▸ Data extract
+ + + + +

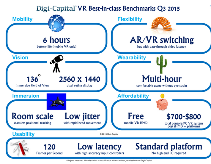 Digi-Capital 上半年發(fā)布的1500億AR/VR市場報(bào)告屢次被行業(yè)引用?,F(xiàn)在他們又發(fā)布了增強(qiáng)現(xiàn)實(shí)和虛擬現(xiàn)實(shí)最佳規(guī)范基準(zhǔn)指標(biāo)。
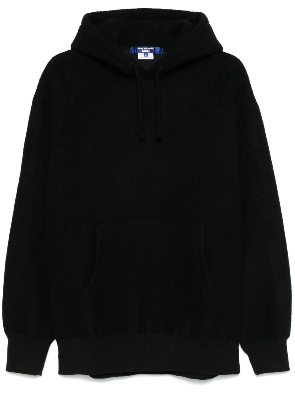 felted hoodie Highlights - Black - Felted finish - Drawstring hood - Drop shoulder - Long sleeves - Elbow patches - Unlined - Ribbed cuffs and hem - Straight hem Imported Composition Outer: Polyurethane 100%, Wool 70%, Polyester 18%, Nylon 12% Lining: Polyester 100% SIZE & FIT Model measurements Height 6 ft 2 in(1.88 m) Bust/Chest 36.61 in(93 cm) Hips 35.82 in(91 cm) Waist 27.95 in(71 cm) FittingInformation Designed to be unstructured, offering a loose fit throughout The ribbed hem offers a close, comfortable fit Made from a midweight non-stretch fabric, this piece offers minimal elasticity when worn Washing instructions Dry Clean Only
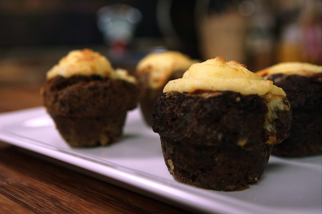 Pişen köftelerin dibinde, üzerine kaşıkla domates sosunu ekleyin. Sonra püreyi istediğiniz şekilde her bir köftenin üstüne krema gibi sıkın.
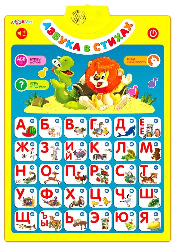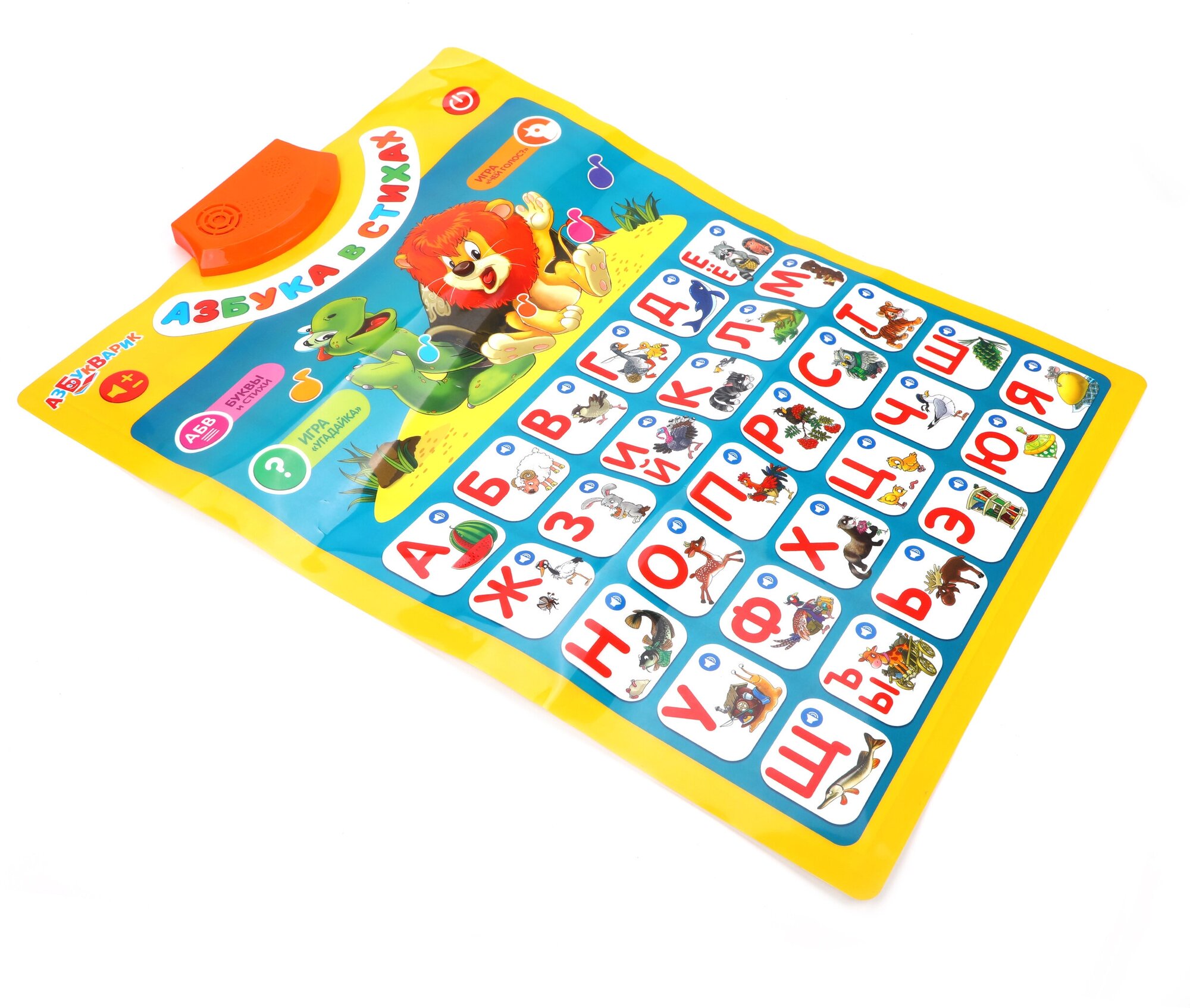 Хотите, чтобы ваш ребенок легко выучил буквы? Интерактивный говорящий плакат «Азбука в стихах» – отличный выбор! Большие буквы, яркие картинки, стихи Владимира Степанова, песенки мультяшек («Облака», «Песенка про кузнечика», «Чунга-чанга», «Песня Львёнка и Черепахи»), умные игры («Угадайка» и «Чей голос») – всё это сделает обучение весёлым и интересным! Плакат можно повесить на стену или играть с ним на столе.

+ + + + +

▸ Exercise description
Output only the lines running from the top of the data above to the line with "felted hoodie Highlights", inclusive, word for word and without pictures.

▸ Response to the exercise
 Digi-Capital 上半年發(fā)布的1500億AR/VR市場報(bào)告屢次被行業(yè)引用?,F(xiàn)在他們又發(fā)布了增強(qiáng)現(xiàn)實(shí)和虛擬現(xiàn)實(shí)最佳規(guī)范基準(zhǔn)指標(biāo)。
 felted hoodie Highlights - Black - Felted finish - Drawstring hood - Drop shoulder - Long sleeves - Elbow patches - Unlined - Ribbed cuffs and hem - Straight hem Imported Composition Outer: Polyurethane 100%, Wool 70%, Polyester 18%, Nylon 12% Lining: Polyester 100% SIZE & FIT Model measurements Height 6 ft 2 in(1.88 m) Bust/Chest 36.61 in(93 cm) Hips 35.82 in(91 cm) Waist 27.95 in(71 cm) FittingInformation Designed to be unstructured, offering a loose fit throughout The ribbed hem offers a close, comfortable fit Made from a midweight non-stretch fabric, this piece offers minimal elasticity when worn Washing instructions Dry Clean Only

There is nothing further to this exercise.